I knew the map was wrong about the routes up to the peak. Runners had told me to head to Nage Gomba first and that there was a path all the way from there. Such a path was not marked on my map, but I still opted to believe my fellow runners. So abandoning my chart reading, I followed the jeep track that contoured neatly around the mountain to Nage Gomba. Breeches in the forest revealed Kathmandu below me. I was happy to be up high from it all.
What the runners didn’t tell me was that Nage Gomba is a Buddhist monastery and that the path crosses straight across their front garden. I tiptoed across as Buddhist monks knelt in meditation swathed in their red and orange robes.
The path lay behind a sheet iron gate, and then steeply ascended the hill on a course and dry trail. This I followed before the sandy trail turned into a wonderfully smooth run through a cool pine forest. There were no signs to the summit on the map or the ground, so I followed aimlessly, hoping that there wouldn’t be other trails which would demand me to make a choice. Fortunately, the path continued onwards and upwards in a direction that seemed right, though it was hard to tell given that I was closed in by the forest and unable to get my bearings by looking at the surrounding mountains.
After 90 minutes I came to a hermitage that has two saddhus in residence. A handy sign indicated to me one more kilometre that-a-way and the summit would finally be reached.
I was imagining a stunning view of Kathmandu standing at the summit of Shivapuri. Instead a found a mound of stones with a pile of tea biscuits on top huddled within the forest. I figured I must have reached the summit as all the other paths were heading downwards. So I stocked up on some trail mix and drank down some water before heading back to down to Nage Gombe.
Instead of taking the trail all the way back to the park gate, I opted to follow the ridge to Gokarna. This proved a wise choice, the ridge being through a dry pine forest with a bouncy rocky trail that I ran smoothly down. It was one of those trails you just have fun running, not too steep, not too rocky, just one of those you take off the brakes and amble your way across the contour lines. And the trail was all mine, except for the odd woman bringing her cows or goats up into the forest for a spot of grazing.

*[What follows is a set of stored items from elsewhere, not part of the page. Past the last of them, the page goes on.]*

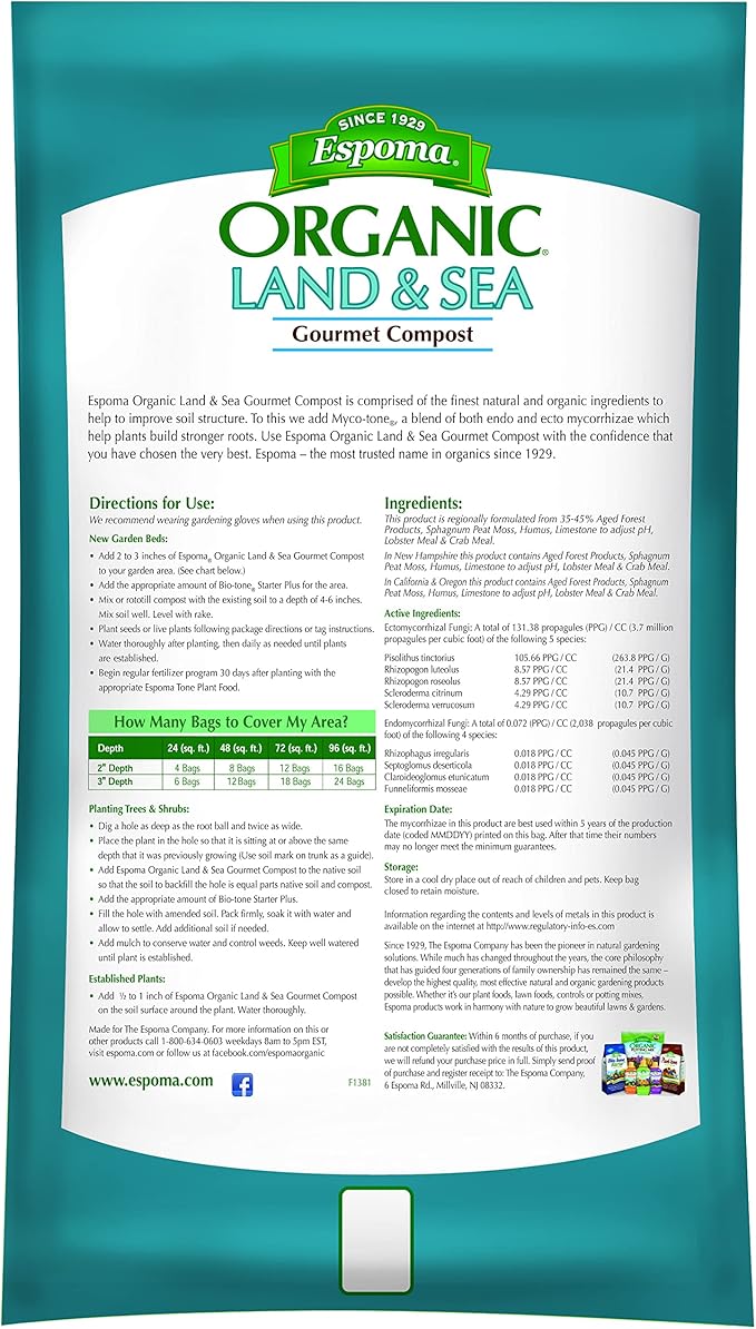 Espoma Organic Land and Sea Gourmet Compost with Lobster & Crab Meal; the Best of Both Worlds! Gourmet Planting Mix for Vegetables, Flowers, Trees & Shrubs. 1 Cubic Foot Bag
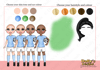 three different skin tones, three eye colours and five hair colours)
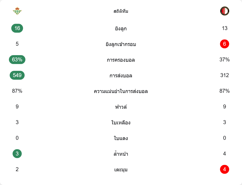 ตัวเลขหลังเกมบอกภาพได้ชัดเจน เรอัล เบติสครองบอลมากถึง 63% เทียบกับ 37% ของเฟเยนูร์ด แสดงถึงการคอนโทรลจังหวะเกมในบ้านอย่างเต็มรูปแบบ เจ้าถิ่นยิงรวม 16 ครั้ง เข้ากรอบ 5 ครั้ง และเปลี่ยนเป็นสองประตู ขณะที่ทีมเยือนยิง 13 ครั้ง เข้ากรอบมากกว่าที่ 6 ครั้ง แต่เปลี่ยนเป็นสกอร์ได้แค่ลูกเดียว
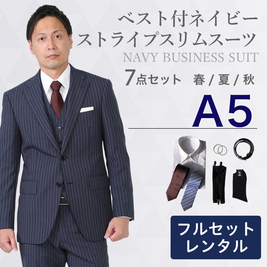 【A5サイズ】メンズ ベスト付ネイビーストライプスリムスーツ7点セット 秋冬用レンタルスーツ
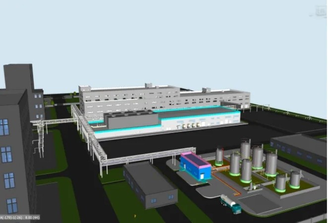 為更好地優(yōu)化管線布局,合理規(guī)劃建筑工期,天俱時結(jié)合數(shù)字化設計能力,在該項目前期對原有車間、新建車間、預留車間以及廠區(qū)管廊等設施進行了整體的BIM優(yōu)化設計,確保各車間的最優(yōu)布置和方案。同時,針對發(fā)酵車間,為保證發(fā)酵過程的無菌率以及設備閥組的整體布置合理及美觀,天俱時BIM團隊對發(fā)酵車間中的發(fā)酵罐與種子罐以及補料罐進行了合理的優(yōu)化,根據(jù)工藝要求將空氣過濾器、閥組的布置和管道的走向進行優(yōu)化,確保管道布置無死角,滿足發(fā)酵工藝要求的同時讓后期操作檢修更為方便,提升整體觀感,實現(xiàn)所見即所得。

The trail eventually led me to the town of Gokarna, from where I jumped on a bus back to Kathmandu. My thoughts then turned to the mound of daal bhat (rice and lentils) that I’d happily eat once I finally reached home.
i too have gone there twice and stayed for one night during one of my visit recently. The peak is the place where saint “shivapuri” meditated and below lies the hut where currently another hermit stays.